Vancouver Canucks’ Cody Hodgson gains speed and confidence
As goals go, it was nothing spectacular—in fact, it was a little on the ugly side. And the very fact Cody Hodgson put a puck in the net in preseason isn’t really the issue or the real reason that should have the Vancouver Canucks brass smiling. It was a collection of little things that led to the scoring play in a recent exhibition game against the San Jose Sharks that shows progression in Hodgson’s game and gives reason to believe there might just be a spot in the October 6 opening-night lineup for the 2008 first-round draft pick.
There had been flashes in Hodgson’s first week of the National Hockey League preseason, but through his first three appearances in Canucks colours, he had nothing on the score sheet to show for his efforts. And questions were beginning to be raised about whether the hockey team could head to the regular season with Hodgson as its second-line centre if the 21-year-old hadn’t managed as much as a single point in exhibition affairs.
But Hodgson put that matter to rest when he got his stick on a loose puck lying in the crease behind the San Jose netminder on September 25 and tied the meaningless affair 2-2. Again, the goal itself wasn’t much to see. But the work Hodgson did to score it is what might allow him to win the battle for the second-line-centre spot, with incumbent Ryan Kesler likely to miss the first month to six weeks of the schedule after off-season hip surgery.
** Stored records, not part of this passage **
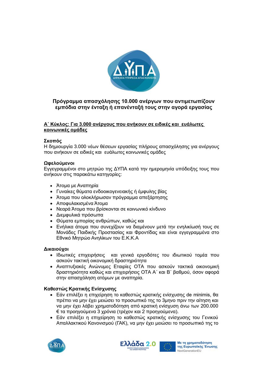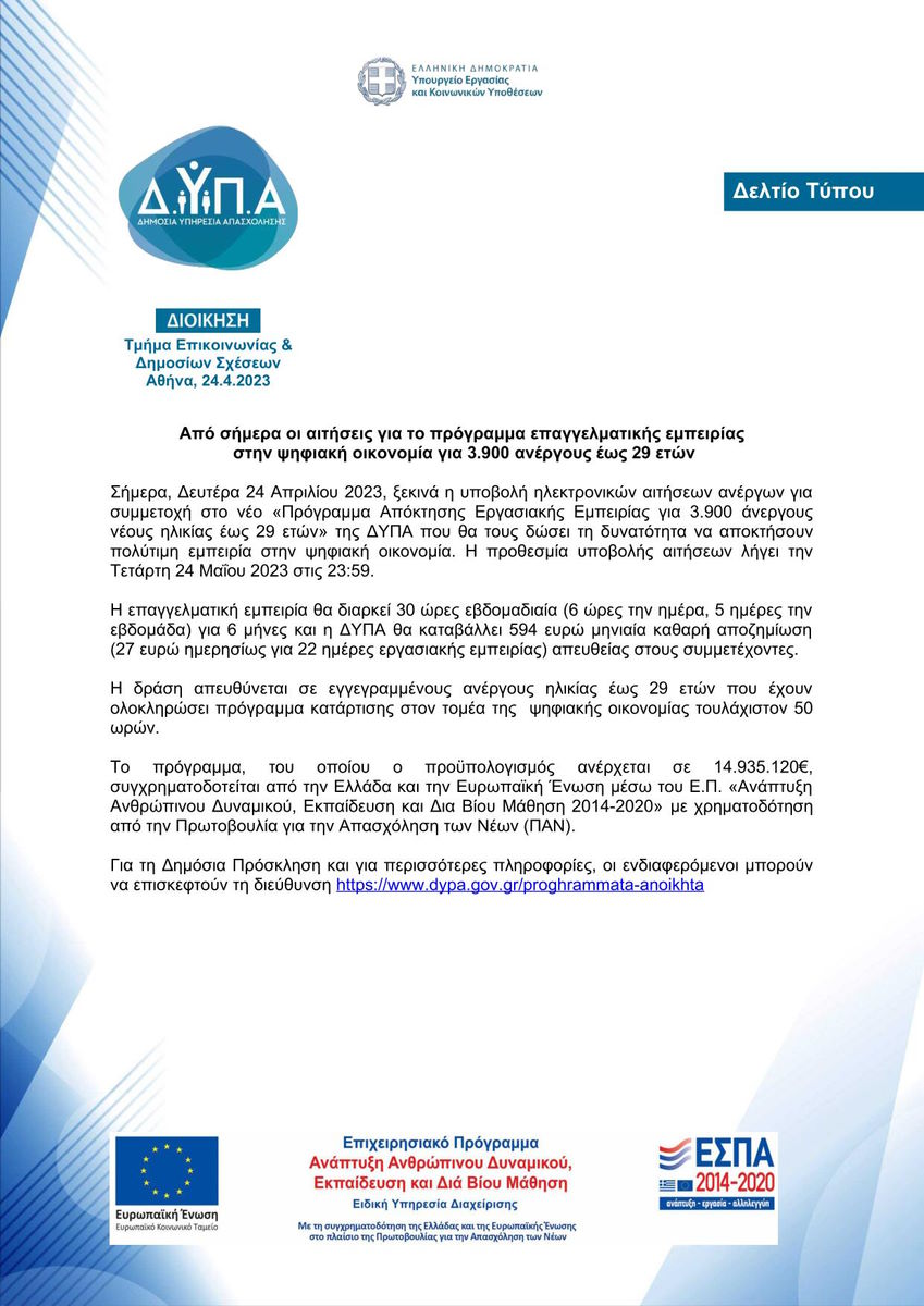 Θα θέλαμε να σας ενημερώσουμε ότι έχουν προκηρυχθεί τρία (3) Νέα προγράμματα απασχόλησης από τη Δ.ΥΠ.Α.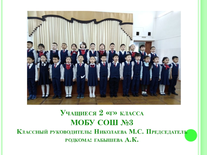 Учащиеся 2 «г» класса МОБУ СОШ №3 Классный руководитель: Николаева М.С. Председатель родкома: габышева А.К.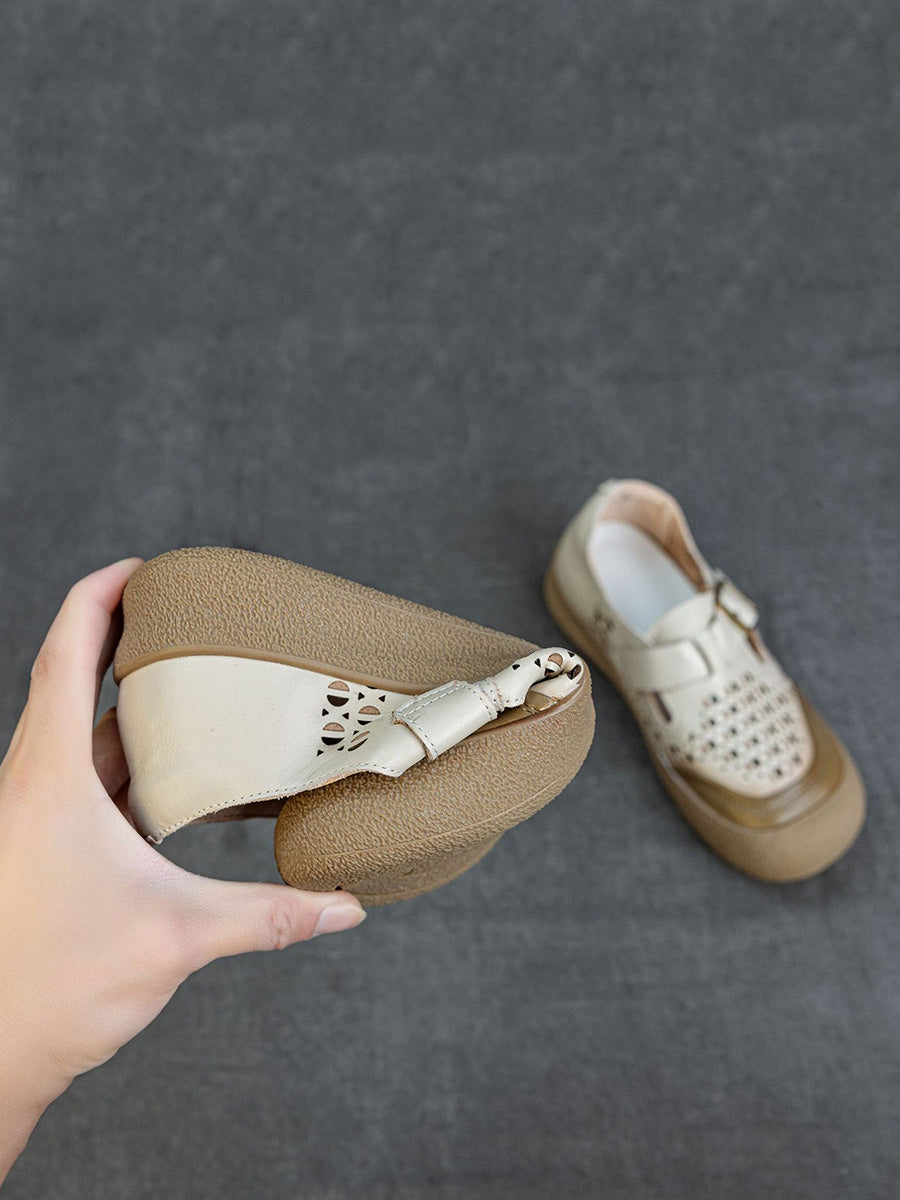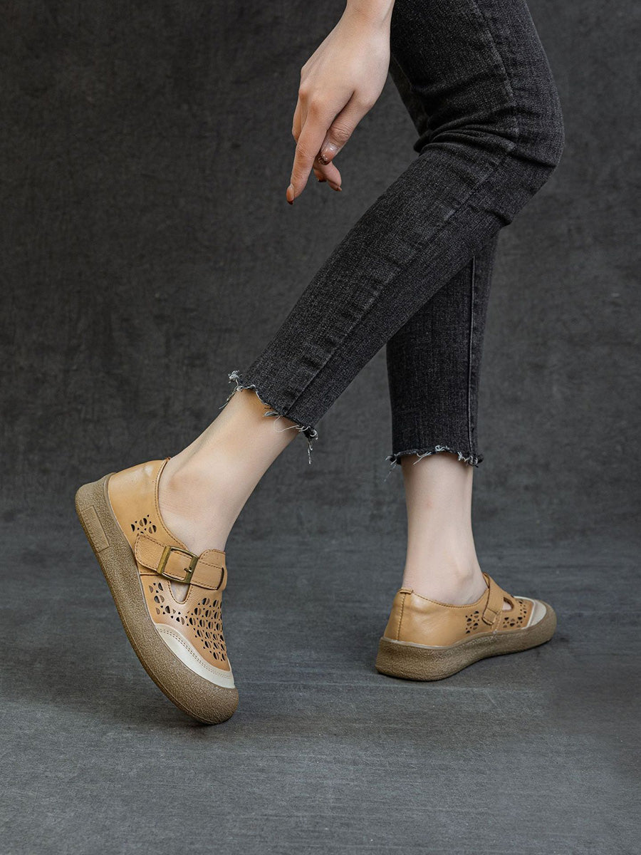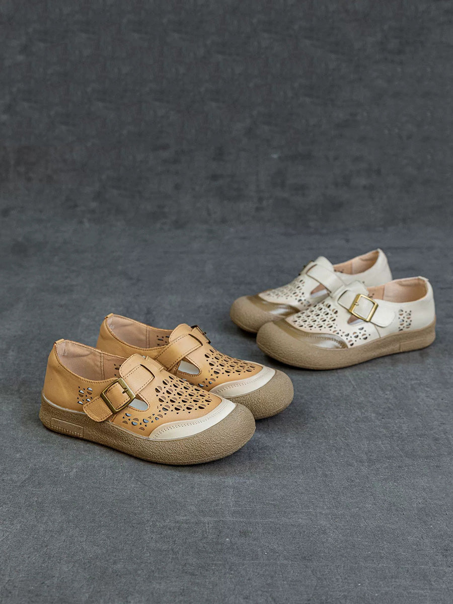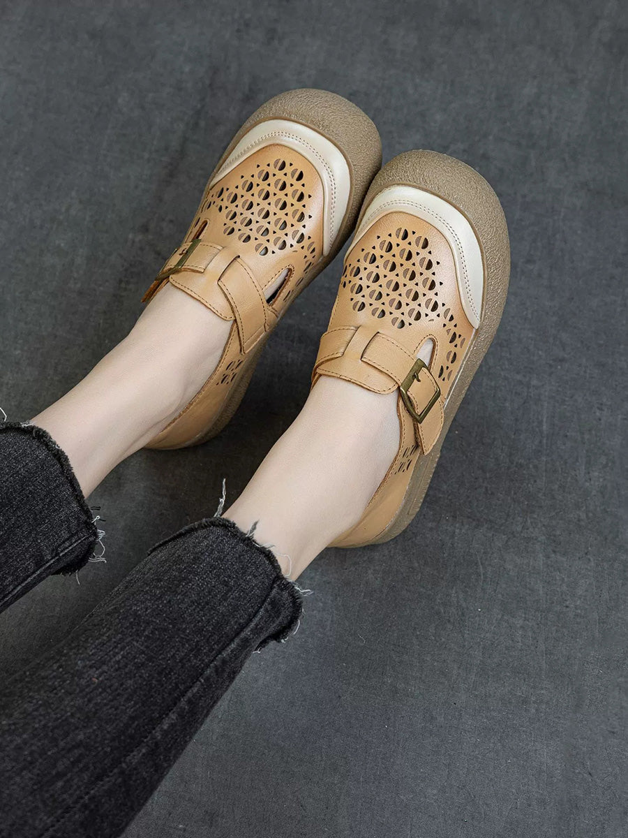Zapatos planos de piel auténtica para mujer, ideales para el verano.

Hodgson shook off a check along the end boards in Sharks territory, made a play to a pinching defenceman, never lost sight of the puck as it worked its way to the front of the goal, and then showed some quickness to beat his man to the side of the net to pounce on the puck as it sat inches from the goal line. Hodgson took a beating and wound up with his face full of mesh as he was deposited on the back of the net. But he’d paid a price to make a play, and that’s exactly what the Canucks want to see from the Toronto native if he’s going be able to step in and compete on a nightly basis.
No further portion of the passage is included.